I am writing a program for users and their different permissions. One user can have several different permissions, but the problem is that some permissions are mutually exclusive and could cause problems while others are simply unnecessary.

Each user has a string like this:
10010111
Each digit represents a specific permission. I have a filter to determine the primary role of an individual which looks like this:
1....... or .1.......
Then I have a filter which determine if there are any exclusionary permission errors:
..1....1
Finally there is a filter for unnecessary permission errors:
...1..1.
Anything not specified by the filters is acceptable and does not need to be checked.

My problem is this: How can I get my regex filters to return something if at least one 1 matches, otherwise return nothing if nothing matches. I have tried by changing my filters to something like this:
..1?....1?
But it ends up matching on every single input.

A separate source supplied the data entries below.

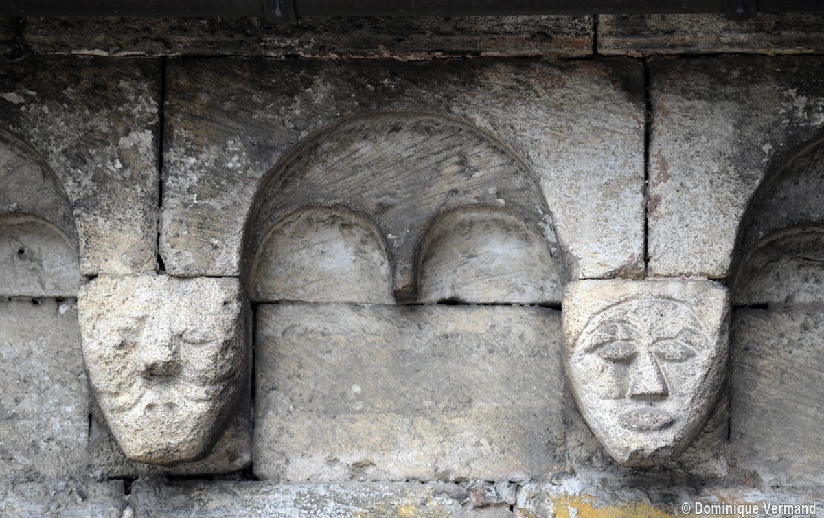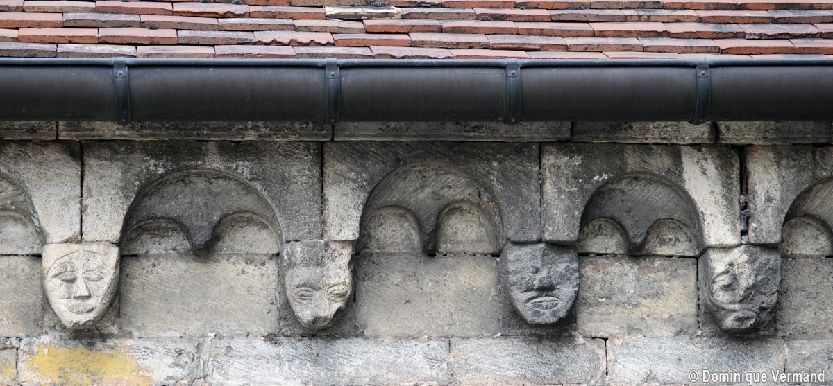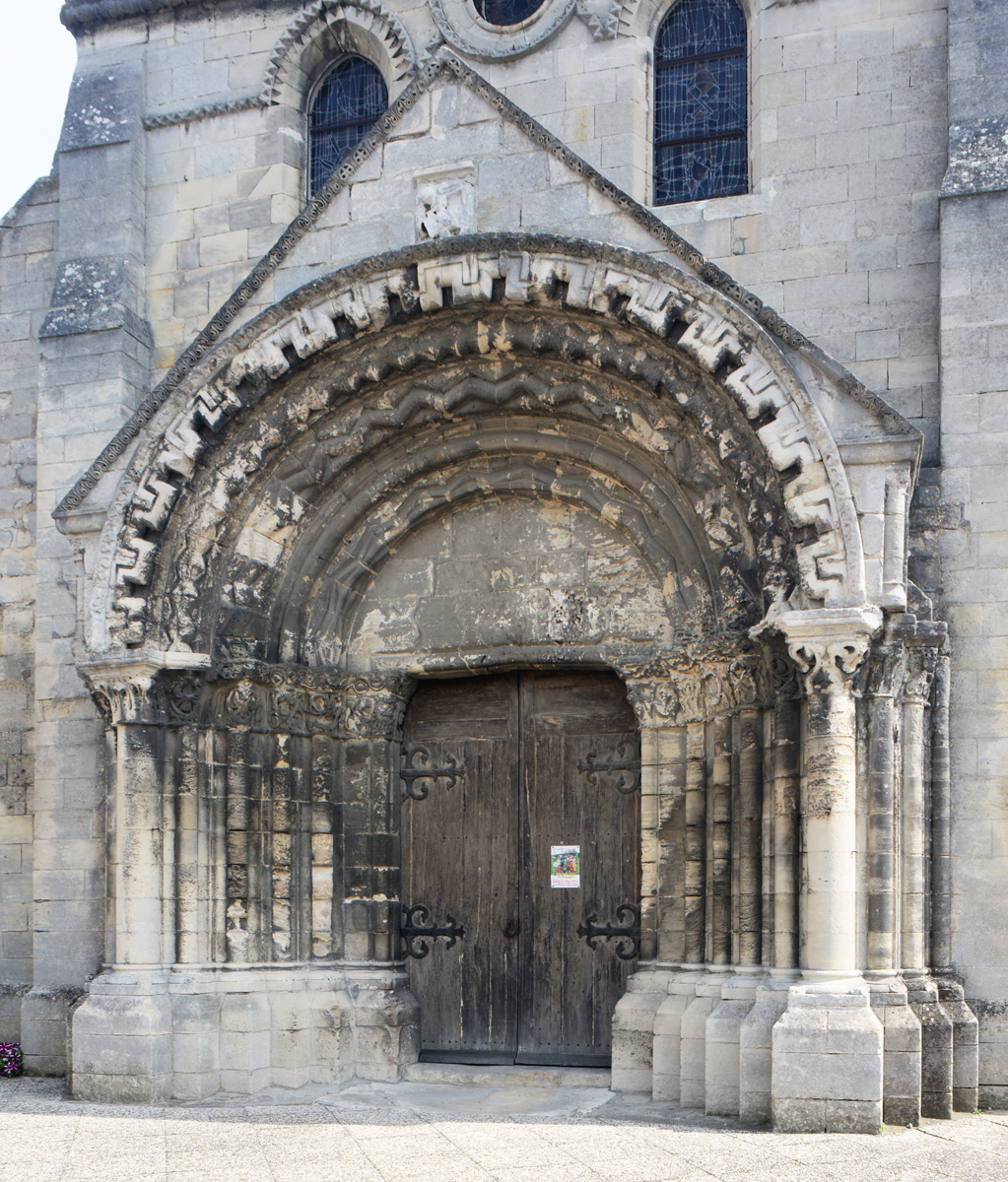 A la façade ouest, se remarque un profond portail à gâble, le plus achevé de ce type dans la région. Les nombreuses voussures en plein cintre s’ornent de bâtons brisés et d’une frette crénelée. Les murs des bas-côtés sont terminés par une corniche beauvaisine vigoureusement sculptée. Une autre corniche, au très original décor de petits personnages allongés, de têtes grimaçantes, d’animaux fantastiques, faisant curieusement songer à l’art africain et vraisemblablement d’origine celtique, couronne les murs de la nef.
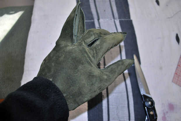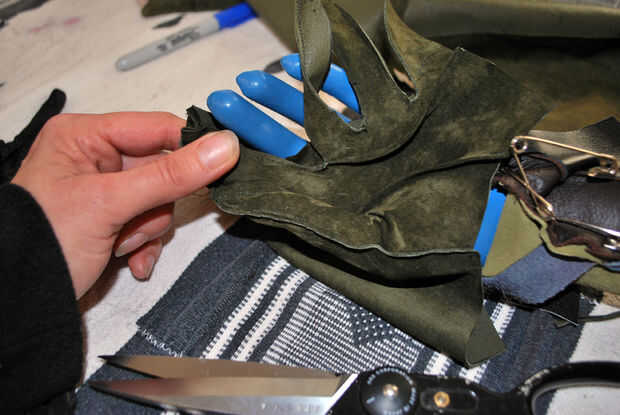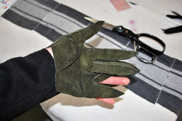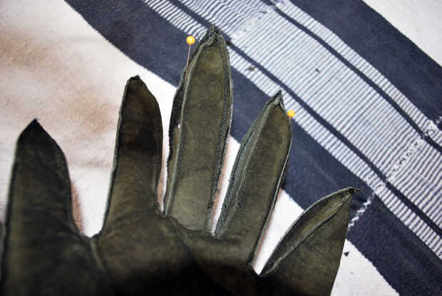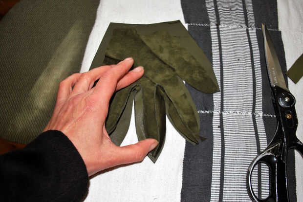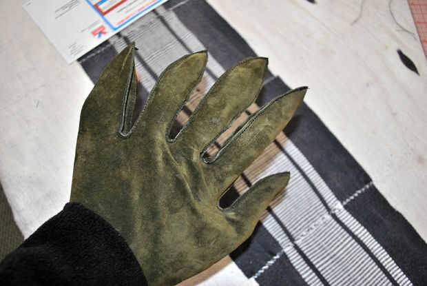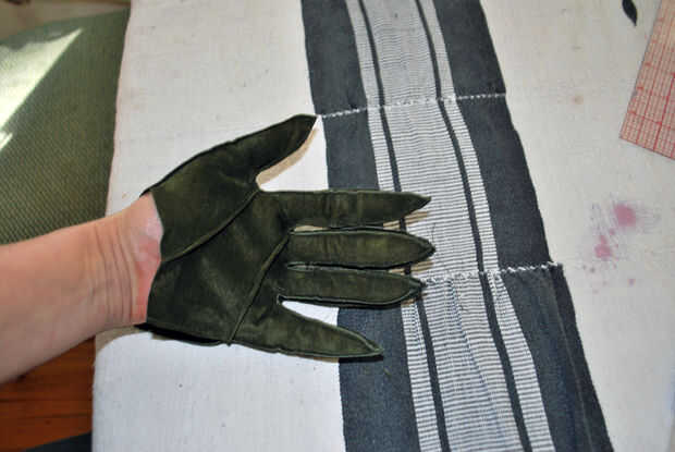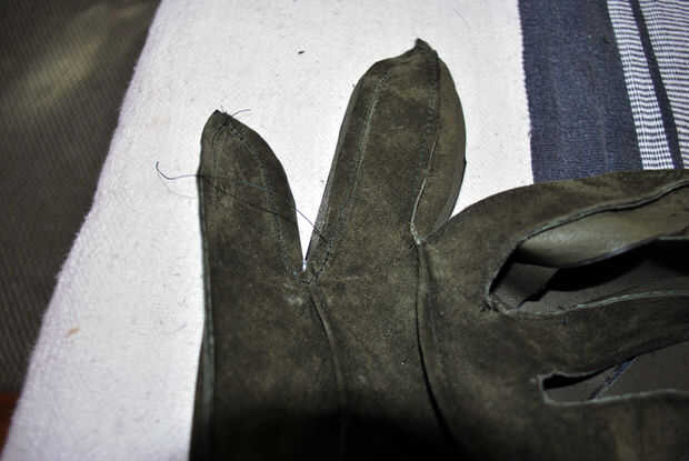 He intentado prueba Coloque el dedo pulgar y primer dedo sobre la mano de maniquí, pero no tuvo éxito. Las costuras hechas los dedos del guante un poco voluminosos, y era difícil de empujar el cuero entre los dedos de la maniquí. No se preocupe! Podía usar mi mano para comprobar el ajuste. Profundizó la curva un poquito entre los dedos cosiendo hacia abajo un poco más lejos de lo que tenía antes y recortado los márgenes de las costuras hacia abajo. Luego prueba ajuste los dedos de mi mano izquierda. Trabajaba bastante bien, así que seguí unir el resto de la mano y recortada por todas las costuras.
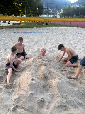Heute Morgen sind wir sanft von Andi geweckt worden. Das Frühstuck war nicht besonders aber okay. Die Gruppe 1 und 2 war zuerst Schwingen/Ringen, die Gruppe 3 war Bogenschiessen. Wir waren Bogenschiessen es war sehr spannend und sehr cool. Wir haben einen kleinen Wettkampf gemacht, Lean und Moritz haben gewonnen. Gruppe 1 hat bei Remo Steinstossen gehabt. Die Gruppe 2 hat bei Luca K. Hochweitsprung gehabt. Die kleinsten waren bei Selina Bodenturnen. Es war sehr cool, wir haben den Flic Flac geübt. Es war noch sehr schwer die Angst zu überwinden, dass man nicht auf den Kopf fliegt. Zum Mittagessen gab es wieder etwas Spezielles und das war Vitello tonnato und Kartoffelsalat aber wir haben es nicht genommen, sondern Teigwaren. Dann ging es weiter um 13:15 dort haben wir eine Aktive Erholung gemacht das heisst wir haben Spiele gespielt. Weitsprung hat die Gruppe 1 gemacht. Lauf hat die Gruppe 2 bei Kilian gemacht. Wir hatten Hochweitsprung gemacht mit Luca K. Es war sehr heiss. Dann ging es an die Ausdauer von Gruppe 1/2 und Mauro, Lean und Nelia (den 12 min Lauf). Mauro, Lean und Nelia haben den 12 min Lauf gemacht, weil sie das Schwingen/Ringen ausgelassen haben, wo die Gruppe 3 gemacht hat. Dan sind wir in den See baden gegangen und hatten Spass. Zum Abendessen hat es Rösti und Geschnätzeltes gegeben. Die Rösti waren fein, aber wir fanden das Geschnätzeltes nicht so gut. Am Abend haben wir zwischen verschiedene Spiele aussuchen können, zwischen Beach Volleyball und auf der Wiese spielen. Die einten gingen später nochmal Flic Flac üben gegangen. Am Abend haben noch Linda und Nelia Fledermäuse gejagt mit dem Beach Volleyball. Jetzt dann gehen wir duschen und dann schlafen.
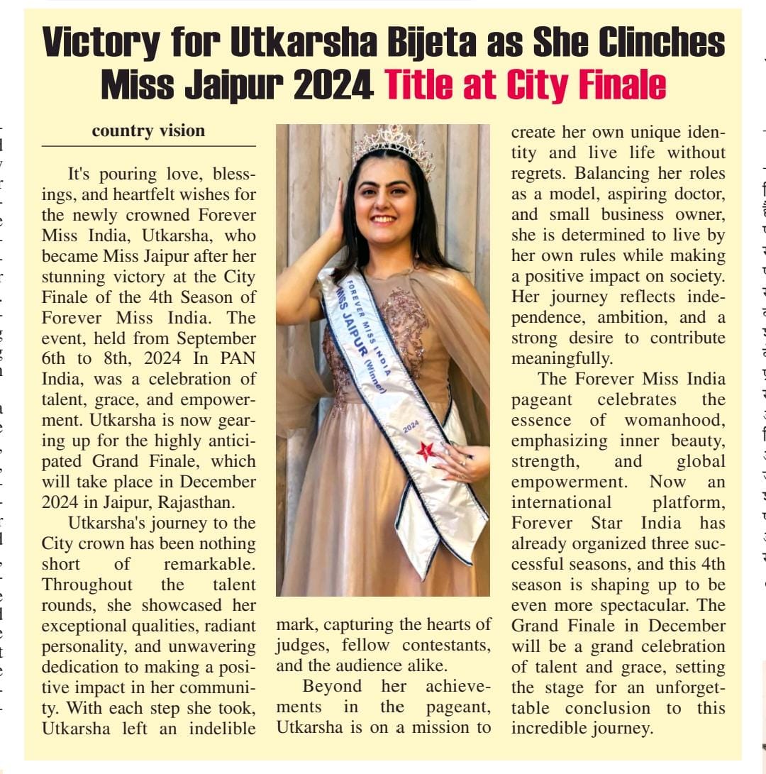 Journey: Utkarsha's ascent to the title of Forever Miss India Rajasthan 2024 is evidence of her tenacity and fortitude.She started modeling out of pure enthusiasm, practicing her stage presence and taking part in local events.She demonstrated her talent, grace, and intelligence when she won Miss Jaipur 2024 as a result of her hard work and dedication.Her popularity in pageantry strengthened her position as a role model for young women by providing her with a larger platform to discuss healthcare, education, and mental health. She demonstrated that one can succeed in both academics and personal passions with perseverance by juggling the demanding requirements of medical school.
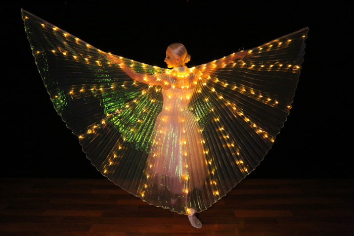 This beautiful and graceful LED wings show will stun your guests with a magical illuminated dance experience
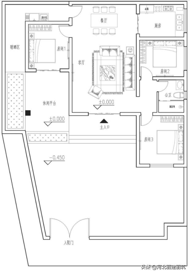 入戶正對(duì)空間沒有硬性格擋,通透大氣的客廳將東、西兩側(cè)房間聯(lián)系起來(lái)。室內(nèi)共三間臥室,西側(cè)房間與休閑平臺(tái)相鄰??紤]到鄉(xiāng)村生活,特別在西北角預(yù)留了晾曬區(qū)。廚房位于東北角,與餐廳相鄰。室內(nèi)空間較為開放,實(shí)用性很好。在西邊臥室的前面預(yù)留的休息平臺(tái)的活動(dòng)空間,家里的孩子可以到休閑平臺(tái)上玩耍。在朝南的臥室采光性好,可以留給老人使用。
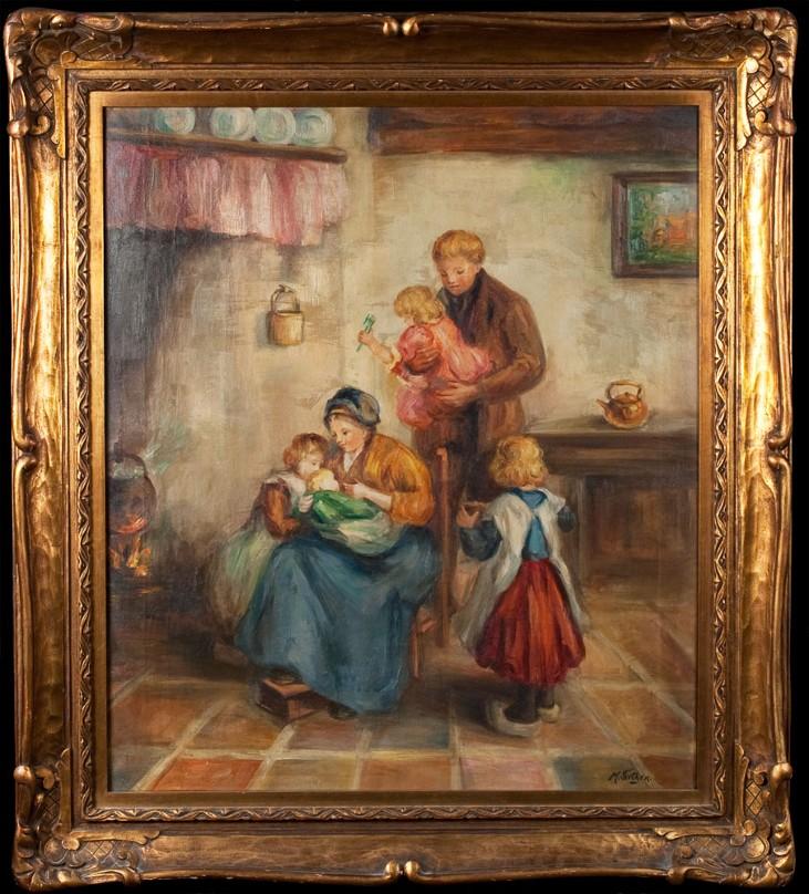 Painted to depict an interior scene with a family, signed lower right M. Fiether ?, very well done, 27.25"H x 23.5"W, sight, 34.75"H x 31"W, framed. Purchased from bloomfield fine arts in the 1990's.

Any ideas, if this is even possible?

Answer 1

since it is binary, you could just use bitwise operator.

// here is example in javascript

const userPermission     = 0b01100110;
const requiredPermission = 0b00100010;

if ((userPermission & requiredPermission) == requiredPermission) {
  console.log('this user have permission to do things');
}

this bitwise operator (&) is called AND. this operator will get the same that have 1 value on both binaries.

0110110
0010010
------- &
0010010

0110100
0010010
------- &
0010000

if it is have bits as we wanted, then it should be returns the same as the permission binary. then we just need to check if it equal to the permission .

---

but, since you are asking using regex instead. then we could just check if this is exact match with /^regexhere$/, and match any else with [01].

00100010 will becomes
/^[01]{2}1[01]{3}1[01]$/

but since binary can have various bits length, you just need to match it from the end, with /regexhere$/.

00100010 will becomes
/1[01]{3}1[01]$/